Mendirikan pesantren dan menegembangkan tarekat Shatariyah
Setelah tiga puluh tahun menuntut ilmu di Aceh, Syeikh Burhanuddin kembali ke tempat asalnya, Minangkabau, untuk menyebarkan ajaran Islam di sana. Pada tahun 1680, ia kembali ke Ulakan dan mendirikan surau di Tanjung Medan yang terletak di kompleks seluas sekitar lima hektare.Di sana, ia menyebarkan ajaran Islam sekaligus mengembangkan Tarekat Sathariyah. Di surau inilah beberapa aktivitas keagamaan dan sosial dilakukan, seperti shalat lima waktu, belajar ilmu agama, musyawarah, berdakwah, termasuk berkesenian dan mempelajari ilmu bela diri. Surau ini kemudian berkembang pesat dan menjadi sebuah Pondok Pesantren. Syeikh Burhanuddin memperoleh penghormatan yang luar biasa oleh masyarakat, sehingga ajaran yang ia bawa mudah diterima di sana.Selain itu, mulai banyak murid dan santri yang berdatangan untuk berguru kepadanya, baik dari wilayah Minangkabau sendiri, Riau, Jambi, Malaka, maupun dari daerah-daerah lain.

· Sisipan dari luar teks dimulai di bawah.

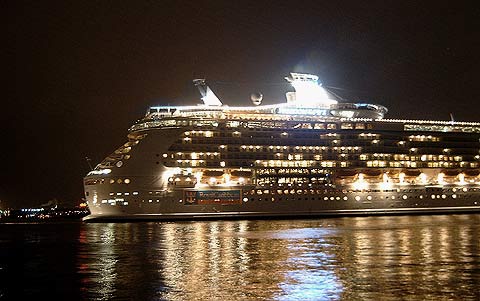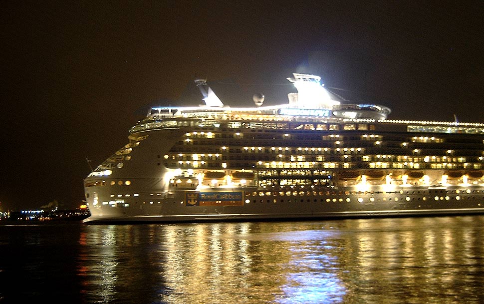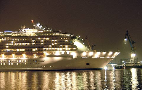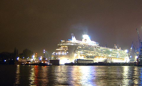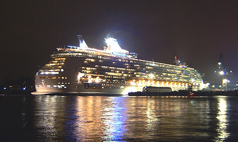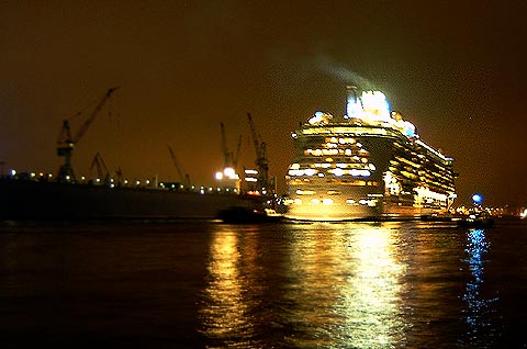 ▲ 23.20 Uhr: Die FREEDOM OF THE SEAS nimmt Fahrt auf und verläßt Hamburg für eine 12-stündige Probefahrt auf der Nordsee.

Melalui pesantren asuhannya, Syeikh Burhanuddin mengajarkan berbagai disiplin ilmu keislaman kepada para santrinya, seperti ilmu tafsir, hadis, fikih, akidah, dan lain-lain. Selain itu, ia juga memberikan dakwah islamiah melalui pengajian kepada warga masyarakat. Atas usaha Syeikh Burhanuddin tersebut, ajaran Islam cepat menyebar di wilayah Minangkabau.
Kematian
Syeikh Burhanuddin memimpin pesanteren tidak begitu lama, setelah sepuluh tahun memimpin ia meninggal.Kemudian, pesantren tersebut dilanjutkan di bawah kepemimpinan puteranya, Syeikh Abdullah Faqih.
Atas jasa dan perjuangan menyebarkan Islam di Sumatera Barat, hingga saat ini makam Syeikh Burhanuddin mendapat perhatian besar dari para peziarah, terutama oleh para jama'ah Tarekat Shatariyah. Menurut tradisi setempat, ziarah tersebut disebut Basapa atau "bersafar serempak bersama puluhan ribu orang", karena dilakukan setiap hari Rabu, tanggal 10 Shafar.